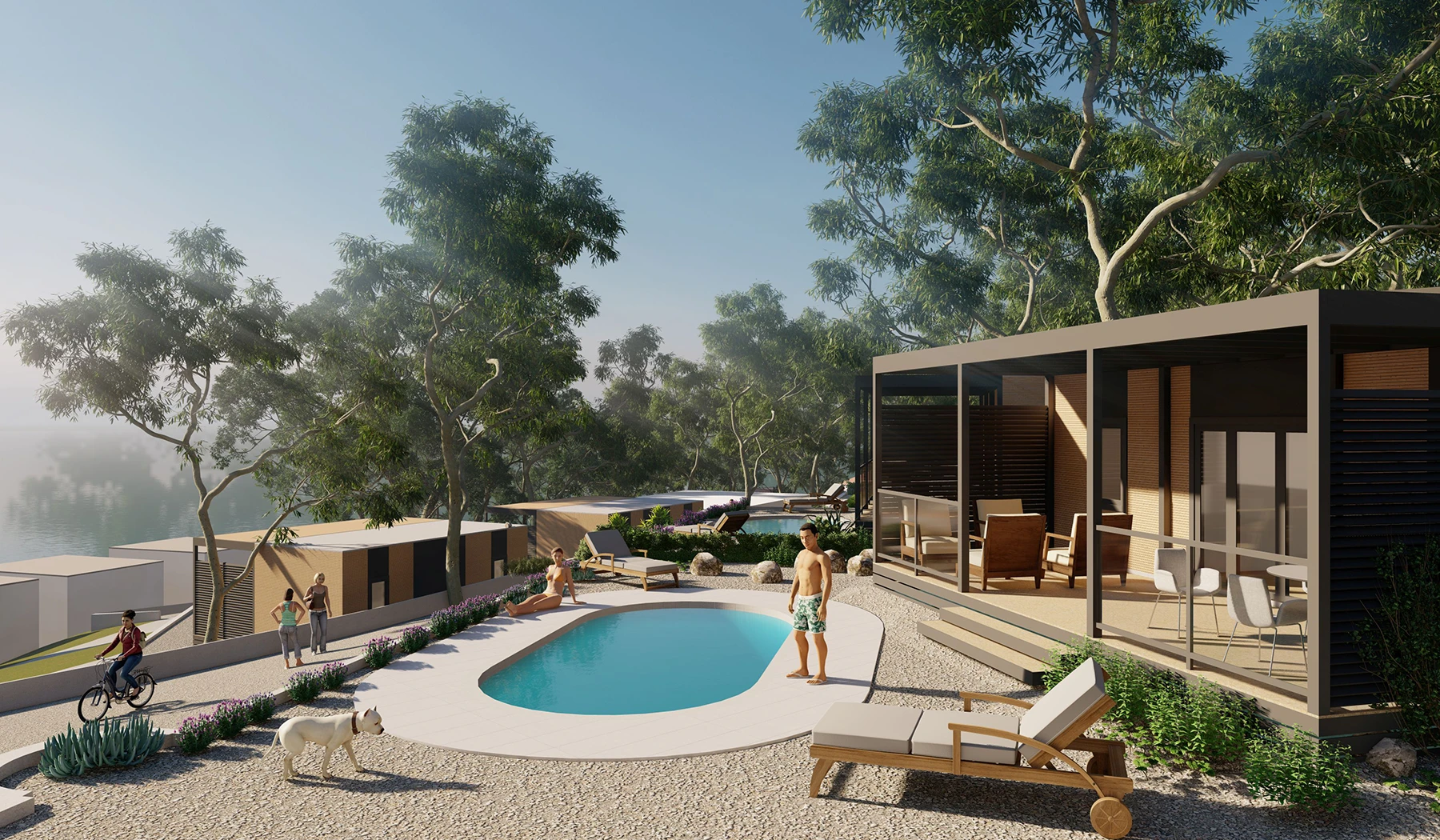 Kauč na razvlačenje u dnevnom boravku pruža dodatni prostor za spavanje po potrebi. Unutarnji prostor iznosi 32 m² i proteže se na privatnu terasu od 24 m².
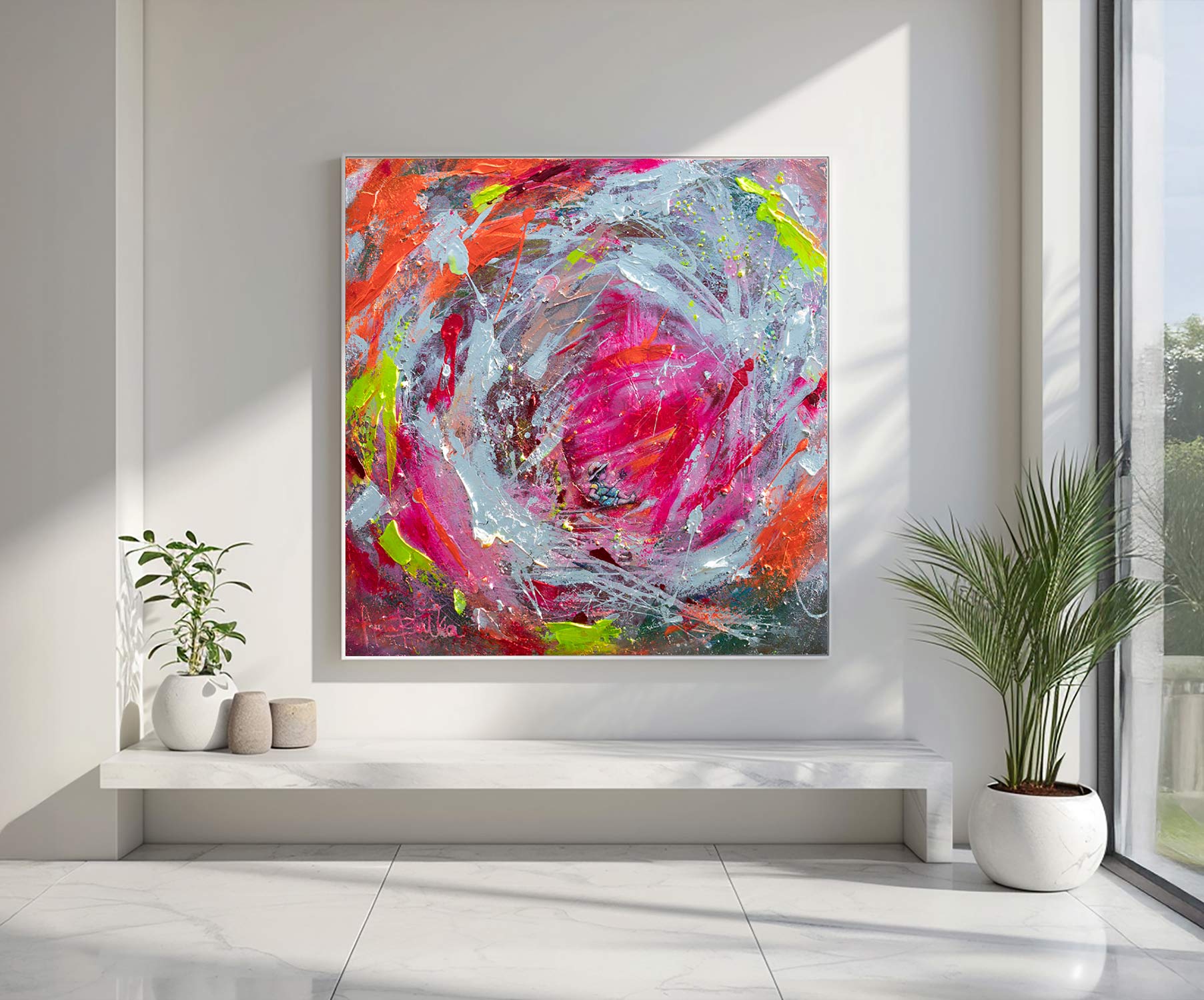 Strong visual impact thanks to the bold pink-white contrast
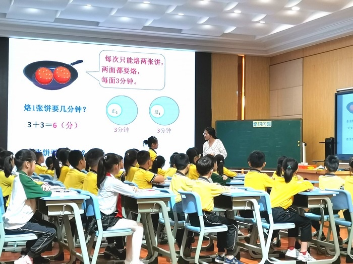 上課伊始,楊老師首先與孩子們分享了自己的煎餅早餐,瞬間拉近了與學(xué)生的距離,在與學(xué)生交流的過程中引入生活中的烙餅問題,激發(fā)了學(xué)生對(duì)烙餅興趣的探究。楊老師從1張餅的烙法,引導(dǎo)學(xué)生烙2,3,4,5張……,讓學(xué)生在討論、交流、動(dòng)手操作中,發(fā)現(xiàn)問題,解決問題,并總結(jié)規(guī)律。楊老師給予學(xué)生足夠的時(shí)間進(jìn)行操作,并展示學(xué)生的烙餅方法,讓學(xué)生自己歸納出怎樣烙餅是更省時(shí)的優(yōu)化方案,整節(jié)課重點(diǎn)突出,將難點(diǎn)讓學(xué)生通過動(dòng)手操作很好地突破了。楊老師通過有層次性的練習(xí),引發(fā)學(xué)生對(duì)生活中的烙餅問題的思考,讓學(xué)生明白怎樣做事才能最省時(shí),才能更好地提高工作效率。
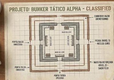 Chega de construir paredes aleatórias. Construa um cofre. Esta consultoria visa resolver o maior pesadelo de qualquer jogador avançado: a segurança do loot. Utilizando princípios de "Defesa em Camadas" (Onion Layering) e "Honeycombing" (Favo de Mel), nós desenharemos a planta baixa exata para tornar sua base financeiramente inviável para qualquer invasor (Raider). O que está sendo preparado: Plantas baixas em PDF (3x3, 4x4, 5x5), esquemas de posicionamento de baús e estratégias de isca para enganar a Inteligência Artificial.
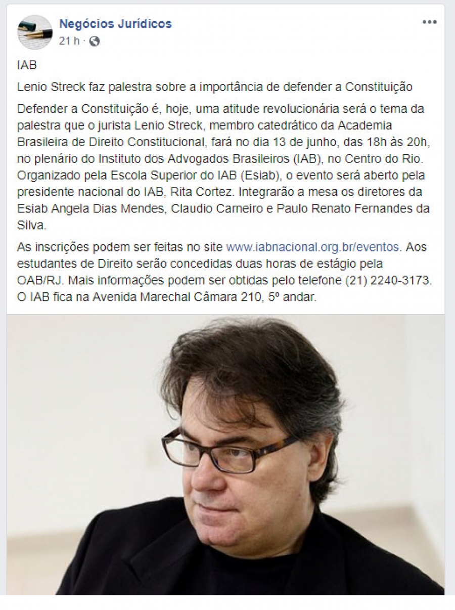 Lenio Streck faz palestra sobre a importância de defender a Constituição
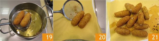 Égouttez-les lorsqu'elles sont dorées 19 et laissez-les sécher sur du papier absorbant 20. Servez les croquettes de jambon immédiatement 21.

-=-=-=-=-

* Exercise aim *
With the pictures left out, output the lines from the one containing "Strong visual impact" through the last line of the records above, exactly as they are.

* Solution for this exercise *
 Strong visual impact thanks to the bold pink-white contrast
 上課伊始,楊老師首先與孩子們分享了自己的煎餅早餐,瞬間拉近了與學(xué)生的距離,在與學(xué)生交流的過程中引入生活中的烙餅問題,激發(fā)了學(xué)生對(duì)烙餅興趣的探究。楊老師從1張餅的烙法,引導(dǎo)學(xué)生烙2,3,4,5張……,讓學(xué)生在討論、交流、動(dòng)手操作中,發(fā)現(xiàn)問題,解決問題,并總結(jié)規(guī)律。楊老師給予學(xué)生足夠的時(shí)間進(jìn)行操作,并展示學(xué)生的烙餅方法,讓學(xué)生自己歸納出怎樣烙餅是更省時(shí)的優(yōu)化方案,整節(jié)課重點(diǎn)突出,將難點(diǎn)讓學(xué)生通過動(dòng)手操作很好地突破了。楊老師通過有層次性的練習(xí),引發(fā)學(xué)生對(duì)生活中的烙餅問題的思考,讓學(xué)生明白怎樣做事才能最省時(shí),才能更好地提高工作效率。
 Chega de construir paredes aleatórias. Construa um cofre. Esta consultoria visa resolver o maior pesadelo de qualquer jogador avançado: a segurança do loot. Utilizando princípios de "Defesa em Camadas" (Onion Layering) e "Honeycombing" (Favo de Mel), nós desenharemos a planta baixa exata para tornar sua base financeiramente inviável para qualquer invasor (Raider). O que está sendo preparado: Plantas baixas em PDF (3x3, 4x4, 5x5), esquemas de posicionamento de baús e estratégias de isca para enganar a Inteligência Artificial.
 Lenio Streck faz palestra sobre a importância de defender a Constituição
 Égouttez-les lorsqu'elles sont dorées 19 et laissez-les sécher sur du papier absorbant 20. Servez les croquettes de jambon immédiatement 21.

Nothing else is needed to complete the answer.